The header name depends on your compiler and target architecture.

  • For Microsoft C++ (targeting x86, x86-64 or ARM) and Intel C/C++ Compiler for Windows use intrin.h
  • For gcc/clang/icc targeting x86/x86-64 use x86intrin.h
  • For gcc/clang/armcc targeting ARM with NEON use arm_neon.h
  • For gcc/clang/armcc targeting ARM with WMMX use mmintrin.h
  • For gcc/clang/xlcc targeting PowerPC with VMX (aka Altivec) and/or VSX use altivec.h
  • For gcc/clang targeting PowerPC with SPE use spe.h

You can handle all these cases with conditional preprocessing directives:

#if defined(_MSC_VER)
     /* Microsoft C/C++-compatible compiler */
     #include <intrin.h>
#elif defined(__GNUC__) && (defined(__x86_64__) || defined(__i386__))
     /* GCC-compatible compiler, targeting x86/x86-64 */
     #include <x86intrin.h>
#elif defined(__GNUC__) && defined(__ARM_NEON__)
     /* GCC-compatible compiler, targeting ARM with NEON */
     #include <arm_neon.h>
#elif defined(__GNUC__) && defined(__IWMMXT__)
     /* GCC-compatible compiler, targeting ARM with WMMX */
     #include <mmintrin.h>
#elif (defined(__GNUC__) || defined(__xlC__)) && (defined(__VEC__) || defined(__ALTIVEC__))
     /* XLC or GCC-compatible compiler, targeting PowerPC with VMX/VSX */
     #include <altivec.h>
#elif defined(__GNUC__) && defined(__SPE__)
     /* GCC-compatible compiler, targeting PowerPC with SPE */
     #include <spe.h>
#endif
47
votes

From this page

+----------------+------------------------------------------------------------------------------------------+
|     Header     |                                         Purpose                                          |
+----------------+------------------------------------------------------------------------------------------+
| x86intrin.h    | Everything, including non-vector x86 instructions like _rdtsc().                         |
| mmintrin.h     | MMX (Pentium MMX!)                                                                       |
| mm3dnow.h      | 3dnow! (K6-2) (deprecated)                                                               |
| xmmintrin.h    | SSE + MMX (Pentium 3, Athlon XP)                                                         |
| emmintrin.h    | SSE2 + SSE + MMX (Pentium 4, Athlon 64)                                                  |
| pmmintrin.h    | SSE3 + SSE2 + SSE + MMX (Pentium 4 Prescott, Athlon 64 San Diego)                        |
| tmmintrin.h    | SSSE3 + SSE3 + SSE2 + SSE + MMX (Core 2, Bulldozer)                                      |
| popcntintrin.h | POPCNT (Nehalem (Core i7), Phenom)                                                       |
| ammintrin.h    | SSE4A + SSE3 + SSE2 + SSE + MMX (AMD-only, starting with Phenom)                         |
| smmintrin.h    | SSE4_1 + SSSE3 + SSE3 + SSE2 + SSE + MMX (Penryn, Bulldozer)                             |
| nmmintrin.h    | SSE4_2 + SSE4_1 + SSSE3 + SSE3 + SSE2 + SSE + MMX (Nehalem (aka Core i7), Bulldozer)     |
| wmmintrin.h    | AES (Core i7 Westmere, Bulldozer)                                                        |
| immintrin.h    | AVX, AVX2, AVX512, all SSE+MMX (except SSE4A and XOP), popcnt, BMI/BMI2, FMA             |
+----------------+------------------------------------------------------------------------------------------+

So in general you can just include immintrin.h to get all Intel extensions, or x86intrin.h if you want everything, including _bit_scan_forward and _rdtsc, as well as all vector intrinsics include AMD-only ones. If you are against including more that you actually need then you can pick the right include by looking at the table.

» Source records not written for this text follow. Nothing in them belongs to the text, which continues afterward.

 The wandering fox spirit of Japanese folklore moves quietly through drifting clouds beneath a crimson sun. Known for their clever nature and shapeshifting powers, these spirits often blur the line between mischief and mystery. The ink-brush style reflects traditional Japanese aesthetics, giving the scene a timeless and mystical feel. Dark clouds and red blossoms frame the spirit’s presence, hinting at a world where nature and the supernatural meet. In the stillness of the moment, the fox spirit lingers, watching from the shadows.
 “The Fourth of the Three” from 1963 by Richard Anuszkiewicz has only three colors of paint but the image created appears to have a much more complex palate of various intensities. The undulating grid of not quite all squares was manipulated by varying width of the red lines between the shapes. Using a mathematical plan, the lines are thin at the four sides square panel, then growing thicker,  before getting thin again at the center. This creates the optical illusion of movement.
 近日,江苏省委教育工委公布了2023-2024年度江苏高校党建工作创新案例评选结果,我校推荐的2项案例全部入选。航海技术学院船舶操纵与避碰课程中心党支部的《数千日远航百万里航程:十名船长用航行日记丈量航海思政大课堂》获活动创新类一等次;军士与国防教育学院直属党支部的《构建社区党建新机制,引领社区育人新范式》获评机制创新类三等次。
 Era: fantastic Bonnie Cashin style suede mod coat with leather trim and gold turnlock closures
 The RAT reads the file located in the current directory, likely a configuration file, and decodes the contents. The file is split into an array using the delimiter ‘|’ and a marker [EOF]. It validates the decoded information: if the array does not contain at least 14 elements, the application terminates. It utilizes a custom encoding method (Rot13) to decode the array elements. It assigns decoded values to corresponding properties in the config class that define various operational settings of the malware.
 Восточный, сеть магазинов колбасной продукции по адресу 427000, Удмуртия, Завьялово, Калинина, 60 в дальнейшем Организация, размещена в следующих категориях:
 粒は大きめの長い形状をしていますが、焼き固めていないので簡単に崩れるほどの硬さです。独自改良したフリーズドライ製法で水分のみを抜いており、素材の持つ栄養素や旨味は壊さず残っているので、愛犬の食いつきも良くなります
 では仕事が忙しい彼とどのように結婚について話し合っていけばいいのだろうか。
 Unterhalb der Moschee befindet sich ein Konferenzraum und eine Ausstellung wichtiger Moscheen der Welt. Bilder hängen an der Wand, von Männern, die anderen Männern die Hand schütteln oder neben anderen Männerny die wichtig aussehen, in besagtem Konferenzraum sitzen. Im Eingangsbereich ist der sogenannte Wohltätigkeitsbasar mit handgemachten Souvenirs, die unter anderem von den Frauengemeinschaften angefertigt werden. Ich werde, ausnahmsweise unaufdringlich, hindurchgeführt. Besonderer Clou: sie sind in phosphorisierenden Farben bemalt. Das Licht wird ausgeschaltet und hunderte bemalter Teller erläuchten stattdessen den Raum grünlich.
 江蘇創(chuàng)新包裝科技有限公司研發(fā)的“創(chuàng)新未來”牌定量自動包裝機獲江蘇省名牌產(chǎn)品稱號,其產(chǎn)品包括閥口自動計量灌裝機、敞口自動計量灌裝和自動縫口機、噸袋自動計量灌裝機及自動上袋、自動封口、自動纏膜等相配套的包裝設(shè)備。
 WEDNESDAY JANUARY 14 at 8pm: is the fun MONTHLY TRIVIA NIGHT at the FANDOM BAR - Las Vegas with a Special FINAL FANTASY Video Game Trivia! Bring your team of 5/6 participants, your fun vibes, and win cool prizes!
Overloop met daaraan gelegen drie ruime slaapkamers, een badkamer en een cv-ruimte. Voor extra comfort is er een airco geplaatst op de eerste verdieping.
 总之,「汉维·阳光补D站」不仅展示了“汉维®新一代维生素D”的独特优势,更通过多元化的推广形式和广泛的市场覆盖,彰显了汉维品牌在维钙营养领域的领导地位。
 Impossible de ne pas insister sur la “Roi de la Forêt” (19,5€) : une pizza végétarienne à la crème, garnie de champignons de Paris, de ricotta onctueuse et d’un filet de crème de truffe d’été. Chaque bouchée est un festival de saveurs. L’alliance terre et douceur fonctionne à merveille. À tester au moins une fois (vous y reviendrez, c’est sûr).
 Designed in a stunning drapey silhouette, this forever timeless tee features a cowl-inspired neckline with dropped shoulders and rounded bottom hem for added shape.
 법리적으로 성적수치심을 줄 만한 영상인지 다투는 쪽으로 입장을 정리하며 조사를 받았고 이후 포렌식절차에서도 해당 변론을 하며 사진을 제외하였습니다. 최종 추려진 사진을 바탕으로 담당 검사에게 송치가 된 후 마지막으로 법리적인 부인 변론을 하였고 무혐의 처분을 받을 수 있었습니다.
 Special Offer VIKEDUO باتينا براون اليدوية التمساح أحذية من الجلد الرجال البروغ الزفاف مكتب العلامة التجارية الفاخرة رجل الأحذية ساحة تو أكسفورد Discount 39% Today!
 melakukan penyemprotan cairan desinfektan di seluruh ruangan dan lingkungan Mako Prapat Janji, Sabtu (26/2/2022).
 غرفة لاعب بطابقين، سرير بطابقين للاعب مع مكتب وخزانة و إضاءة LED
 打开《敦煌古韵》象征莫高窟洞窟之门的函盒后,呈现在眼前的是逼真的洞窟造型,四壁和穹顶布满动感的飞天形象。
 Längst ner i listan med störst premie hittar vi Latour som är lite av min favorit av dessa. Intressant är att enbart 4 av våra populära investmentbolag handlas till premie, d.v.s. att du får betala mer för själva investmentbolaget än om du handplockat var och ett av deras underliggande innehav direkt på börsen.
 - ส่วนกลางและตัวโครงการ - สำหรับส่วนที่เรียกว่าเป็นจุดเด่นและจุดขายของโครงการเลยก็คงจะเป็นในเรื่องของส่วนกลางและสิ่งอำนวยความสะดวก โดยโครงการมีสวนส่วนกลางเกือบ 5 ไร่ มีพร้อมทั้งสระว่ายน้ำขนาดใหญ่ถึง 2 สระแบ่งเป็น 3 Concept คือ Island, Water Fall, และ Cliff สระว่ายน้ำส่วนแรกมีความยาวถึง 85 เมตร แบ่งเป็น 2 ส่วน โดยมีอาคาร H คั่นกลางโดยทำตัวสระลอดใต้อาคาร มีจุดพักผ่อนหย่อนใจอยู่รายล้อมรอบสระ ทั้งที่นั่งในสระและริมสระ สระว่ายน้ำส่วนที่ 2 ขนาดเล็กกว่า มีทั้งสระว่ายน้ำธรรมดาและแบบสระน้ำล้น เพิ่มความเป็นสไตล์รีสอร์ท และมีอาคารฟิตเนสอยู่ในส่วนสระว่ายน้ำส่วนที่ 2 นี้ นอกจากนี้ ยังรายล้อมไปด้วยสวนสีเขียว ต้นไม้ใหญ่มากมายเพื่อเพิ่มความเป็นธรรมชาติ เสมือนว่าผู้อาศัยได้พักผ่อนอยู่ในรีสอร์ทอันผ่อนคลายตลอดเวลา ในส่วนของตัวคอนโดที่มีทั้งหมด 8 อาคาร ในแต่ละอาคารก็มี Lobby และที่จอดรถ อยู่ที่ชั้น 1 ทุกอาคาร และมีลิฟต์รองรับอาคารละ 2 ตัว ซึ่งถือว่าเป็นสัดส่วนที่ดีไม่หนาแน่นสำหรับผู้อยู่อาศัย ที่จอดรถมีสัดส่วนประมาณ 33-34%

x86intrin.h is the recommended way to get intrinsics for AMD XOP (Bulldozer-only, not even future AMD CPUs), rather than having its own header.

Some compilers will still generate error messages if you use intrinsics for instruction-sets you haven't enabled (e.g. _mm_fmadd_ps without enabling fma, even if you include immintrin.h and enable AVX2).

14
votes

20200914: latest best practice: <immintrin.h> (also supported by MSVC)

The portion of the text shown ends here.